Your assignment: Output must consist only of the lines of the material below from the one with "19cm幅長財布、A5手帳、小さいポーチ、スマートフォン、眼鏡" through the one with "SHWL30EC - Point", each reproduced exactly; no pictures belong in it.

Exercise data:
━━━━━━━━━━━━━━━━

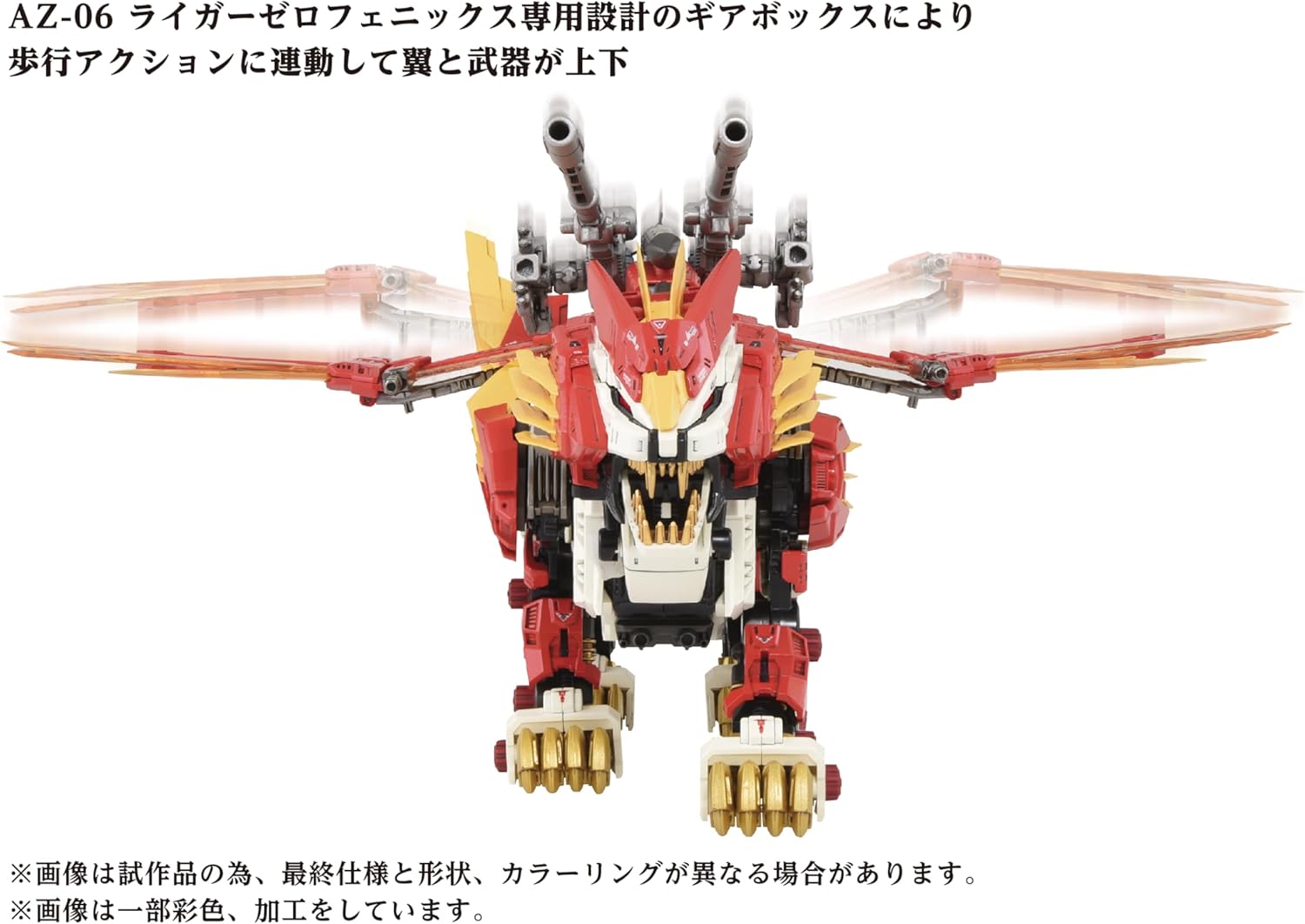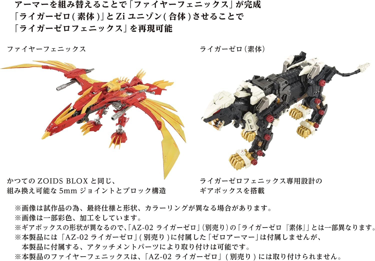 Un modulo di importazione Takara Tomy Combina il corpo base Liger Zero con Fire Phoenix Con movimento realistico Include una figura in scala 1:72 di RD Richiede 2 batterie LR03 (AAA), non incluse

━━━━━━━━━━━━━━━━

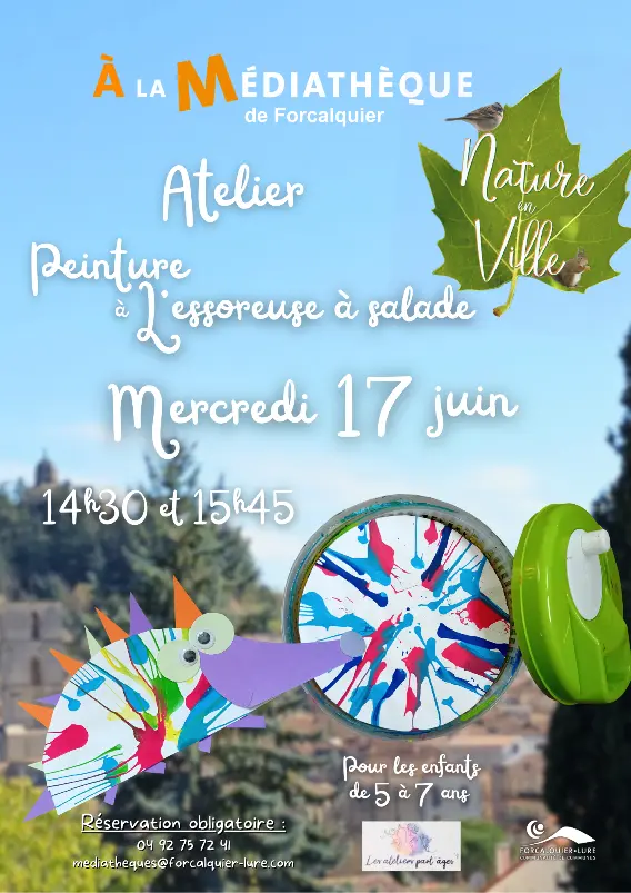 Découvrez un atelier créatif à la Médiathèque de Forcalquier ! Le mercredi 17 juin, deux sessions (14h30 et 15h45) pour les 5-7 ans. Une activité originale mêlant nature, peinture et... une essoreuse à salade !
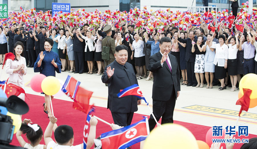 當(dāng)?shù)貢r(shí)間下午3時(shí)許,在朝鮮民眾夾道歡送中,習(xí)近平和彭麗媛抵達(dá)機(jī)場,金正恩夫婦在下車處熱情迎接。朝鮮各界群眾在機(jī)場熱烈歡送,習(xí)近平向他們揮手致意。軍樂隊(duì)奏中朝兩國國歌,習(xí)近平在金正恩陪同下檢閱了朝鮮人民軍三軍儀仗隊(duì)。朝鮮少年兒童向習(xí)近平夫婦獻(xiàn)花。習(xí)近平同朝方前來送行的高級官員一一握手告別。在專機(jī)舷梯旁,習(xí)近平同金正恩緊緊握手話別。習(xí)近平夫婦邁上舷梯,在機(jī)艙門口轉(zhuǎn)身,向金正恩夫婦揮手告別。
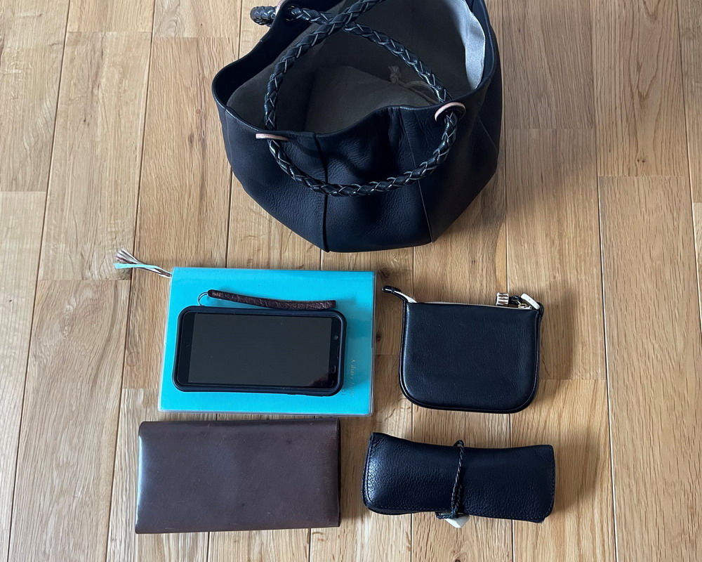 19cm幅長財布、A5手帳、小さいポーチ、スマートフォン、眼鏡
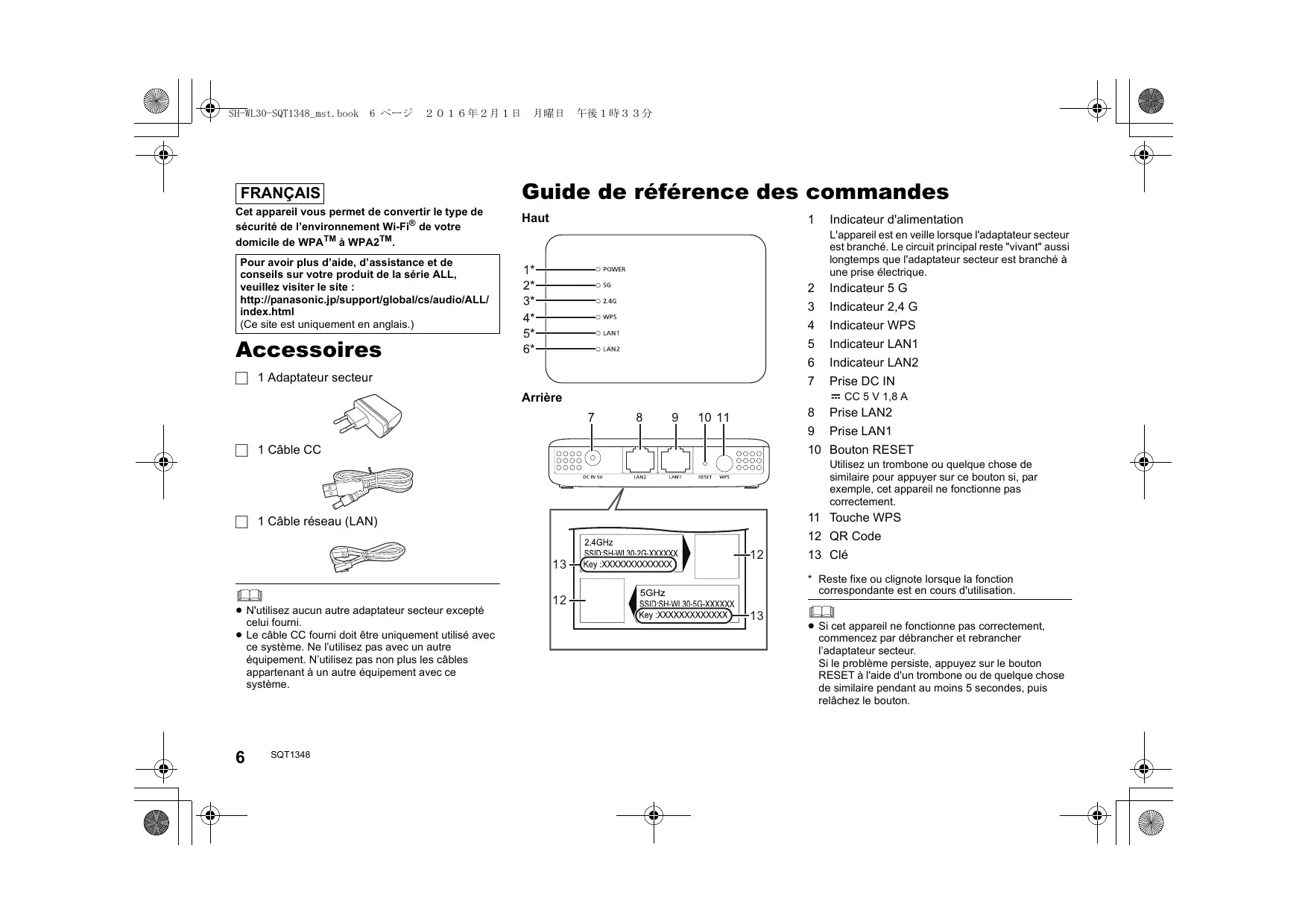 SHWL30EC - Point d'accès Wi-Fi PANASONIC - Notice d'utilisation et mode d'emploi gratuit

━━━━━━━━━━━━━━━━

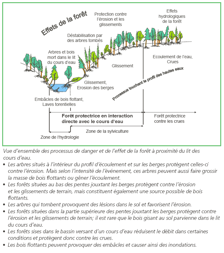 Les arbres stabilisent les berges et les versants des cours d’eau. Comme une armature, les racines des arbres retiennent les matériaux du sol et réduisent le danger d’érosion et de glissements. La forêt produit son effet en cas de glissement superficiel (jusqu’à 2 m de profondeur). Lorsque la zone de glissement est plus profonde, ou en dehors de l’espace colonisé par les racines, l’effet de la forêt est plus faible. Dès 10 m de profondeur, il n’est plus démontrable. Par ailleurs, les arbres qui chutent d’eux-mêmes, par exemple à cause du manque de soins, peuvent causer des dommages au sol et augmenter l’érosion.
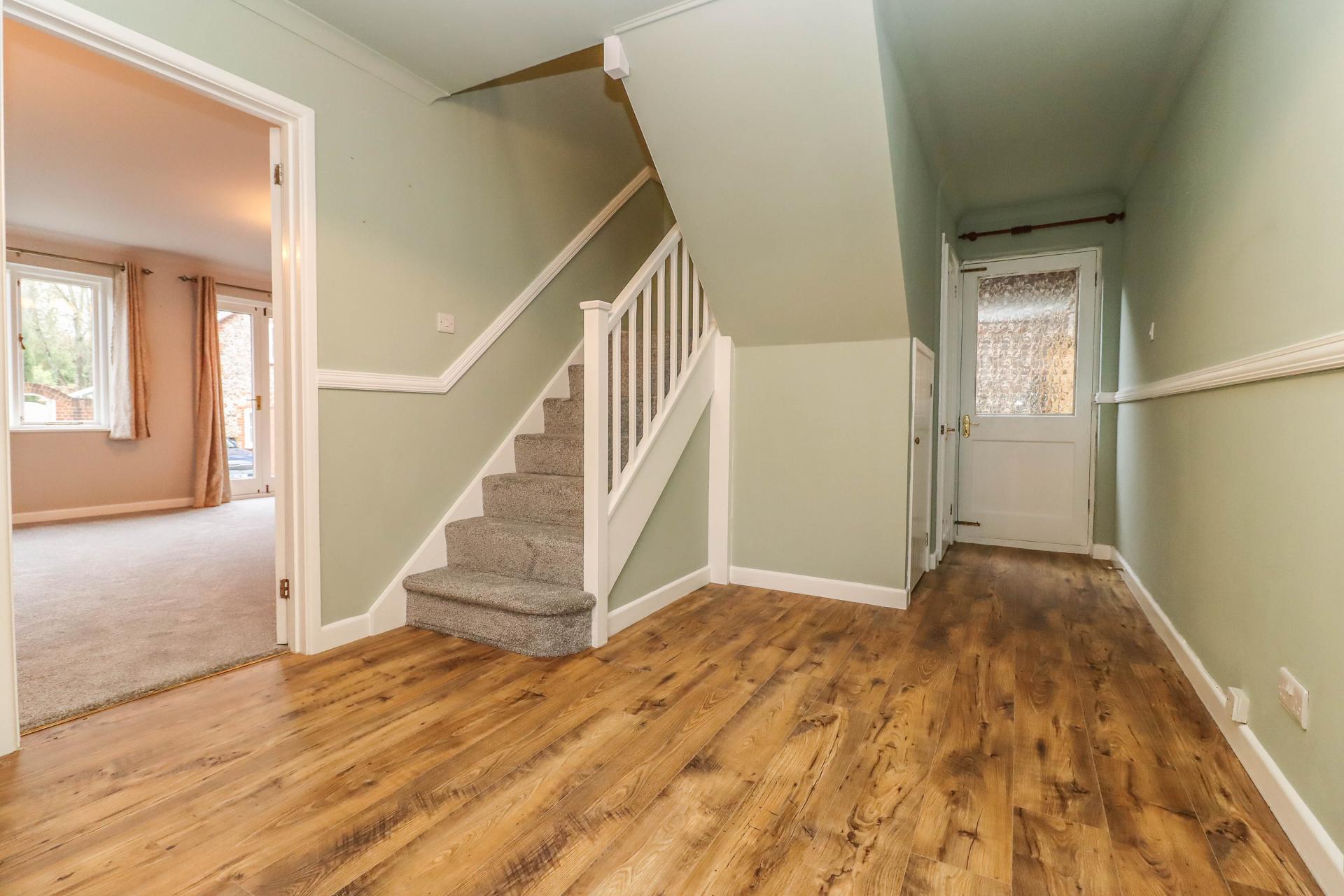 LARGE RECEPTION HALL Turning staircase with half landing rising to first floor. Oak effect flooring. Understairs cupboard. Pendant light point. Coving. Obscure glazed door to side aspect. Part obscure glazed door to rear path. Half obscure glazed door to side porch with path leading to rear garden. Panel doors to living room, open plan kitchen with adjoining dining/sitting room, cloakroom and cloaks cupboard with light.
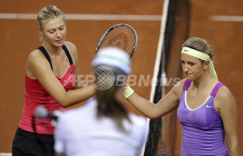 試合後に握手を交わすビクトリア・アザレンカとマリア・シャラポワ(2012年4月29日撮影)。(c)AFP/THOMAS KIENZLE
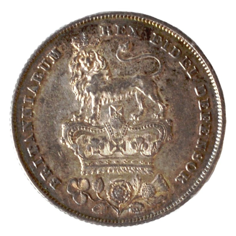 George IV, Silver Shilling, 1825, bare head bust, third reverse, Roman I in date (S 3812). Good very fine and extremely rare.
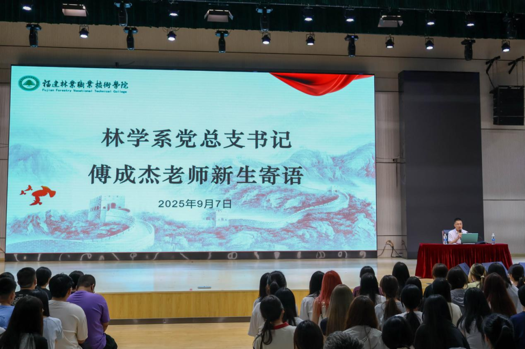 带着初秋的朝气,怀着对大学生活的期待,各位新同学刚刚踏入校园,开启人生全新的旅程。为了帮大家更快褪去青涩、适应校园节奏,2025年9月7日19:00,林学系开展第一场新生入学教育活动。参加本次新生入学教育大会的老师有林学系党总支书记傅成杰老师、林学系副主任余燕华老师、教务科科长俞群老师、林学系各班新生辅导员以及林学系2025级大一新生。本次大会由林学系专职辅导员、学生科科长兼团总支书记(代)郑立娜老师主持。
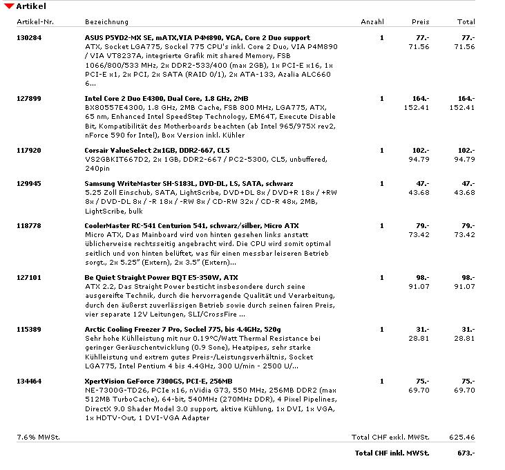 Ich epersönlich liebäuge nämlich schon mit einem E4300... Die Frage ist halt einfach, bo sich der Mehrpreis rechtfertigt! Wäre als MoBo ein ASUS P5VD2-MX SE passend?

━━━━━━━━━━━━━━━━

Solution below:
 19cm幅長財布、A5手帳、小さいポーチ、スマートフォン、眼鏡
 SHWL30EC - Point d'accès Wi-Fi PANASONIC - Notice d'utilisation et mode d'emploi gratuit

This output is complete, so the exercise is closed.